In some African countries, HIV and AIDS are growing fastest among married couples, said Nema Aluku, the Christian Reformed World Relief Committee’s HIV and AIDS response coordinator for Eastern and Southern Africa.

Why is that? she recently asked a room filled with Christian Reformed Church employees who work in the Grand Rapids, Michigan office of the CRC.

When no one offered an answer, Aluku said, "We don’t ask one another because the assumption is that our spouse is supposedly faithful."

Besides that, says Aluku, many married couples consider HIV and AIDS to be an an illness that mostly infects single men or women who are sexually promiscuous. Unfortunately, she says, married couples hold sexual and behavioral stereotypes — and these stereotypes can cause serious problems in a marriage.

"We often judge and label others without knowing, or admitting, the labels we have ourselves," she said. "We are in denial and don't talk about our hopes and fears. We don’t talk about our body parts or our sexuality."
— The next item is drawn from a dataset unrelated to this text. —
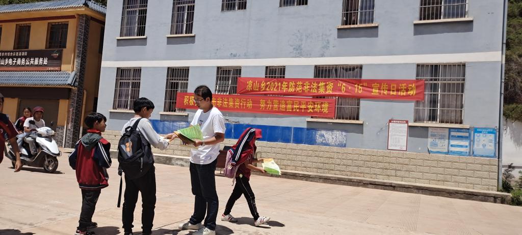 为提升凉山乡群众防范非法集资的能力,增强风险防范意识,引导群众远离非法集资,自觉抵制非法集资。近日,凉山乡财政所依托新时代文明实践站平台,联合凉山派出所充分利用学校开学季,在全乡范围内开展了2021年“打击非法集资,营造富民平安”的宣传活动。

Last year year there were about 130,000 newly infected people with HIV in Uganda. This year, the number will likely be about 150,000. And many of those infected “are married and Christians,” said Aluku.

Aluku was giving the CRWRC employees a crash course on "Stepping Stones," the award-winning training package on HIV and AIDS, gender issues, communication and relationship skills that she uses in her work in Africa.

When presented in Africa, Stepping Stones takes people up to six months to go through.

Stepping Stones consists of a 240-page manual for trainers, and an accompanying workshop video of 15, five-minute clips. Generally, it takes her 60 hours of workshop sessions to train trainers to use the Stepping Stones program among people in their villages or communities.

"The workshop aims to engage and enable individuals, their peers and their communities to change their behaviour – individually and together – through the ‘stepping stones’ which the various sessions provide," she said.

"It is designed to enable women and men of all ages to explore their social, sexual and psychological needs, to analyse the communication blocks they face, and to practice different ways of behaving in their relationships."

During the session in Grand Rapids, Aluku led people through a few exercises, similar to ones she uses with groups in Africa.

"We try to open up space for dialogue on diffuclt subjects," she said. "We help people answer these questions for themselves, 'Who do you listen to?’ and ‘Who do you trust?'" One goal is to encourage people to ask Jesus Christ to walk beside them in times of trial and difficulty.

In one exercise, Aluku tied a blindfold tight on one volunteer and asked another volunteer to guide the blindedfolded person along a path to a chair placed at the other end of the room.

Hands in front of her, the woman with the blindfold walked slowly and tentatively, having to trust the other person to guide her to her destination.

Then Aluku had all the people in the room mingle and, in a few short minutes, strike up conversations and try to get to connect with people they didn’t know very well.

Finally, she had a group of people make a circle and asked individuals to step into the center and fall backwards, assuming someone would break the fall.

All of the excerises focused on trying to build a quick bond of trust between those employees who had come to hear Aluku speak about Stepping Stones.

"We work with issues that the people themselves identify. The sessions that we hold can be intense, since these are deep issues people are addressing," she said.